Modus ini menyusup melalui tampilan situs yang menyerupai laman resmi Kejaksaan RI, lengkap dengan ajakan membayar denda secara cepat dan mudah.
Salah satu ciri utama dari penipuan ini adalah penggunaan domain mencurigakan seperti “.cc”, yang bukan merupakan domain resmi pemerintah Indonesia.
Situs tersebut biasanya meminta pengguna memasukkan nomor plat kendaraan untuk mengecek status tilang, lalu menampilkan notifikasi denda yang belum dibayar, disertai tautan pembayaran palsu.

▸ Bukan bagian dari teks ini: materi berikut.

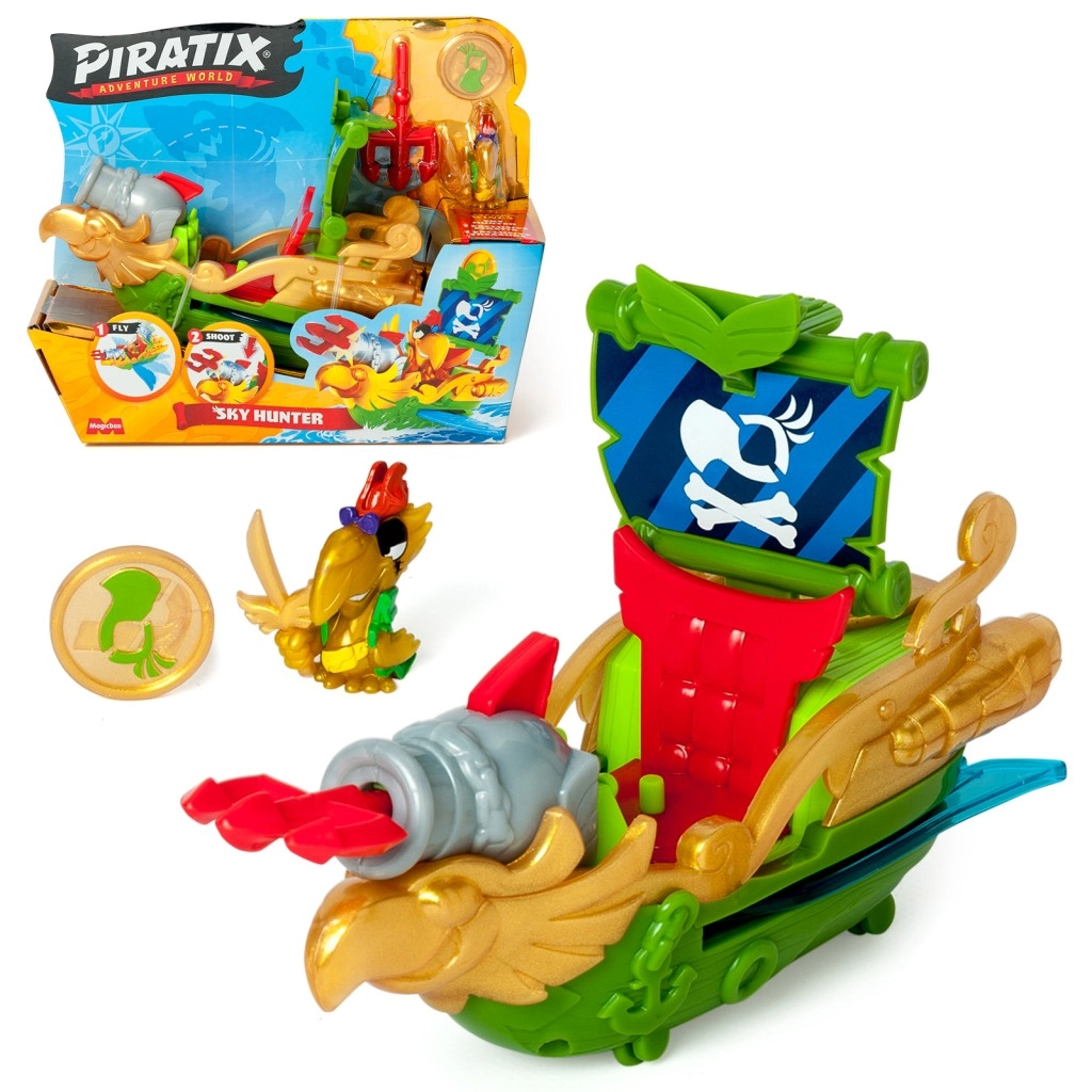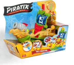 Begib dich auf eine spannende Piratenexpedition mit der Piratix Abenteuerwelt Sky Hunter. Dieses farbenfrohe Spielset ermöglicht es dir, in eine Welt fantastischer Seeabenteuer mit fliegenden und schießenden Elementen einzutauchen.

Pesan-pesan semacam ini kerap dikirim melalui SMS atau aplikasi pesan instan, dengan nada mendesak seperti “Segera bayar agar terhindar dari biaya ekstra & masalah hukum lebih lanjut.” Tujuannya jelas: menciptakan kepanikan agar korban segera melakukan pembayaran tanpa sempat melakukan verifikasi.
Padahal, situs resmi E-Tilang milik Kejaksaan RI menggunakan domain “.go.id”, yang menandakan keaslian dan keamanan situs pemerintah. Masyarakat diimbau untuk selalu memeriksa keabsahan tautan sebelum melakukan transaksi, serta tidak tergoda oleh janji kemudahan yang ditawarkan situs tidak resmi.

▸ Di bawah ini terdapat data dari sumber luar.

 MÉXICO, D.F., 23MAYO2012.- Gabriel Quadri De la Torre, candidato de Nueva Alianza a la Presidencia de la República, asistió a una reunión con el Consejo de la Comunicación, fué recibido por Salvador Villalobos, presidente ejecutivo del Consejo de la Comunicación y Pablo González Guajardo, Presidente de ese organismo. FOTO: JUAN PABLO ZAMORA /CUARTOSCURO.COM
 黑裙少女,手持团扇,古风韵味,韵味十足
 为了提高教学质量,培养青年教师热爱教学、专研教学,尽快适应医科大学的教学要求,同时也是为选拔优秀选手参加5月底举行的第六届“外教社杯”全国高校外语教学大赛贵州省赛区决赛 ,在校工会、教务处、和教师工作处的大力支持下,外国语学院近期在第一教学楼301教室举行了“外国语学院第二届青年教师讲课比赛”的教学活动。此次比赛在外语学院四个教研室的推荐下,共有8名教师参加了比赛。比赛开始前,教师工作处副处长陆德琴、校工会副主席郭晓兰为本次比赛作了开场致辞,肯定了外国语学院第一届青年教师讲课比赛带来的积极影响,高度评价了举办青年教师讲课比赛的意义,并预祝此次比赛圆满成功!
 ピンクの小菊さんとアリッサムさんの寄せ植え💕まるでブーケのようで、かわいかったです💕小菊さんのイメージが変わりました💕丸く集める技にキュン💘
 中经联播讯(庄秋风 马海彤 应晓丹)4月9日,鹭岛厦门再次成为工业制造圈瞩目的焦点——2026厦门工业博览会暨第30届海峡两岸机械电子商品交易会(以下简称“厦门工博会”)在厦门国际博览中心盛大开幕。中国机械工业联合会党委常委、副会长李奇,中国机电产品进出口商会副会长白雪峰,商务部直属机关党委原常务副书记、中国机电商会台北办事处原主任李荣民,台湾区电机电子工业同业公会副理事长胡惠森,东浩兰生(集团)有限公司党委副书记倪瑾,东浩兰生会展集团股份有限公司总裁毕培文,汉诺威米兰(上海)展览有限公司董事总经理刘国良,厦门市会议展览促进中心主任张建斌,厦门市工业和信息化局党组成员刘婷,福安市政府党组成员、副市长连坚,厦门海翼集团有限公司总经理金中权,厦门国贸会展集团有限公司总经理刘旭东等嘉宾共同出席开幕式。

Kejaksaan RI sendiri telah mengingatkan bahwa batas waktu penyelesaian denda tilang adalah dua tahun. Masyarakat juga berhak mendapatkan kembali sisa uang titipan jika nominal putusan pengadilan lebih rendah dari yang telah dibayarkan. Informasi ini hanya dapat diakses melalui kanal resmi pemerintah.
Modus penipuan digital semacam ini menegaskan pentingnya literasi digital dan kewaspadaan publik dalam menghadapi transformasi layanan berbasis teknologi. Jangan sampai niat membayar denda tilang justru berujung pada kerugian finansial akibat jebakan siber.
Hingga berita ini diterbitkan, belum ada keterangan resmi dari pihak berwenang terkait penyebaran situs palsu tersebut.